Brèves prospectives

LE COMBAT DE L’ISLANDE CONTRE LES RESPONSABLES DE LA CRISE

Quand l’Espagne, la Grèce et le Portugal s’enfoncent dans l’austérité, l’Islande a choisi de faire condamner les responsables de la crise financière, et prouve qu’un pays peut survivre à un crash mondial, sans endetter ses citoyens sur plusieurs générations ni transformer des dettes privées en dette publique : le taux de chômage, qui dépassait les 8 % en 2009 et 2010 après le tsunami financier de fin 2008, est redescendu à 4,4 %, les hausses d’impôts ont visé principalement les plus hauts revenus, et la dévaluation de la couronne a dopé l’économie (les banques islandaises ont allégé la dette de plus d’un quart de la population et sont obligées d’effacer une partie des dettes immobilières des particuliers lorsque celles-ci sont supérieures à 110% de la valeur du bien).

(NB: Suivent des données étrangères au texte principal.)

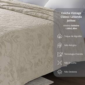 Descubra o prazer de vestir sua cama com a elegância e qualidade da coleção Vintage Classic da Jolitex. Com a tecnologia Chenille e uma paleta de cores sofisticada em bege, branco, cinza, marrom, verde e azul, cada peça traz um toque refinado para a sua decoração. Desenvolvida para ser prática e duradoura, não amassa, não encolhe e mantém sua beleza impecável, mesmo após muitas lavagens.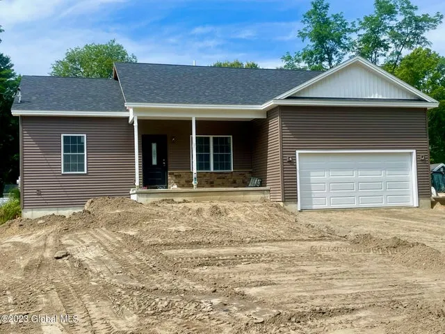 Under Construction!! APPROX 30 DAYS TILL COMPLETION! 3 bedroom 2 bath ranch situated on sprawling .81 acre lot in quiet area. Beautiful curb appeal w stone accents, carriage overhead garage door & low maintenance vinyl siding. Interior w open floor plan, living dining kitchen combo w vaulted ceiling, easy clean laminate hardwood floors, modern white kitchen w granite tops & stainless steel appliances. primary bedroom w vaulted ceiling, spacious closet & private bath. 2 additional good sized bedrooms an 2nd full bath. 1st floor laundry. Full basement w egress can be finished for additional space. 2 car attached garage, paved drive & central air are just a few of the features that make this new build a must see!!! Don't miss out!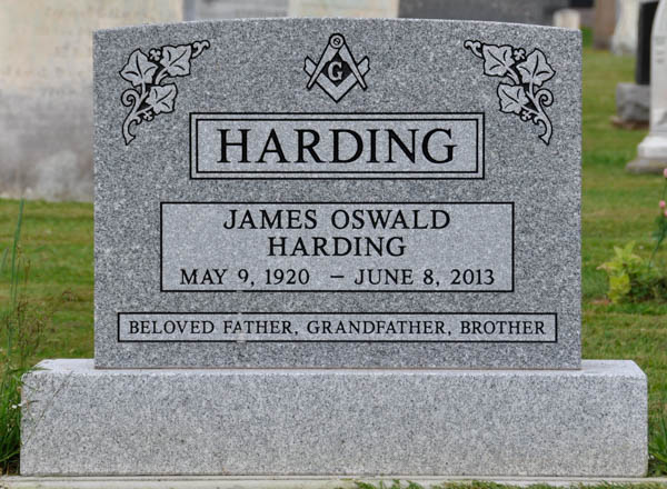 Inscription: HARDING / James Oswald / Harding / May 9, 1920 - June 8, 2013 / Beloved Father, Grandfather, Brother.4  Tombstone, James Oswald Harding (1920-2013). Peoples Cemetery, Malpeque, Prince County, Prince Edward Island, Canada.

Sous la pression populaire, le pays a donc mobilisé ses faibles moyens pour enquêter sur les crimes financiers et établir les responsabilités, donner à la justice des moyens conséquents (pour assurer une très bonne connaissance des dossiers face à l’armée d’avocats engagés par les banquiers), lever le secret bancaire, et faire aboutir les procédures judiciaires. Aujourd’hui des anciens PDG et ex-dirigeants écopent de peines de prison allant de plusieurs mois à plusieurs années de prison ferme pour la plupart, et d’autres dirigeants sont inculpés pour manipulation du cours des actions, fraude, évasion fiscale ou délit d’initié (notamment dans l’administration). Au total, une centaine de personnes devraient être inculpées d’ici fin 2014, permettant de dire que, si le système n’a pas changé, certains en sont néanmoins exclus, et l’Islande n’est pas autant ouverte qu’avant au système financier international.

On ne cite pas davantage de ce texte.